He cambiado, ya no soy el mismo hombre. Mi metamorfosis se ha producido. Lo veo en mi piel ajada, no por el paso del tiempo sino por la vileza del acto que voy a cometer, no con mis manos, pero como si lo fuera. Hoy me siento el Poncio Pilatos bíblico mismo. Me desprecio.
–Señor Demort, todo está listo.
–Matilde, ¿tendré perdón? ¿podré seguir con mi vida? …
–Señor, no le juzgo. No tengo hijos. No sé lo que haría. Entiendo que la desesperación…
–Sí, la desesperación puede matar la cordura.
Observo cómo vuelve sobre sus pasos y entra en la sala contigua al salón. Noto la frialdad que sale de ahí, como si quisiera dañarme. Todo el interior es blanco: desde la camilla del centro hasta los dos hombres ataviados con sus batas. La monocromía la rompen el instrumental quirúrgico y un pequeño container metálico junto a él.

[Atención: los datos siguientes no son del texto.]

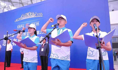 誓师演练大会上,南博会执委会给南博会志愿者授旗,三名志愿者代表分别发言并带领志愿者们庄严宣誓,副省长高树勋在讲话中从珍惜机遇、历练品格,塑造形象、展现风采,服从管理、确保安全,立足岗位、发挥作用四个方面对南博会志愿者提出了具体要求。仪式结束后,全体志愿者合唱南博会志愿者之歌,参与模拟演练的志愿者进入各自岗位,非演练志愿者作为模拟观众,开始南博会志愿者试运行演练。
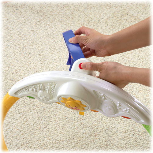 Miękki kolorowy materacyk zapewnia dziecku przyjemne, wygodne miejsce do zabawy. Przyrząd jest łatwy do składania, co każda mama szybko doceni – wystarczy wcisnąć guzik, aby złożyć tylny wspornik, co znakomicie ułatwia przenoszenie i przechowywanie.

–Necesito una copa. ¡El aire es irrespirable! ¡Esta frialdad que sale de la sala contrasta tanto con la calidez del salón! ¡Es raro, no se mezclan en un solo ambiente, más bien parece que una atmósfera quisiera imponerse sobre la otra! ¿Lo sientes Matilde?
–Tranquilícese, señor. Es producto de su conciencia. Piense en su hijita, pronto estará sana, con toda la vida por delante.
Me desplomo en mi sillón, cojo el retrato de mi hija.
–Por ti no me importa condenarme. Eres la luz de mi firmamento. La llevas en tu piel, una marca de nacimiento en tu mano, una mancha marrón que dibuja casi con exactitud una estrella de cinco puntas. Mi brillante estrella. Papá te arreglará tu corazón y brillarás con más fuerza.
Miro hacia la puerta que se abre de golpe. Un hombre joven y bien vestido porta un pequeño bulto envuelto en una sábana blanca.
–Traigo lo que me encargó.
–Ponlo sobre aquella camilla. Mi hija vendrá enseguida.
Marco en mi móvil mientras observo la camilla como un halcón a punto de capturar a su presa. El cuerpo sin vida de una pequeña elegida al azar, un sacrificio involuntario, aunque parte de ella vivirá en mi hija. Un corazón sano para reparar otro estropeado.
–Justine, es la hora. Trae a nuestra niña.
Cuelgo sin esperar respuesta. Me sirvo otra copa con hielo. La espera me ahoga.
–Frank, ¿Qué mira en el retrato? Esa es mi dulce hija.
El móvil no deja de sonar. Siento que el frío de mi copa me traspasa, petrificándome. Miro hacia el bulto aún tapado con la sábana. Una manita inerte se desliza fuera. Reconozco al instante la marca.
En mi mente enajenada imagino un lienzo en blanco sobre el que emerge una diminuta figura marrón, perfectamente contorneada: una estrella de cinco puntas. La visión permanece un instante. Después, nada.
– Señor, yo… no sabía… ésta… ésta es la niña que elegí.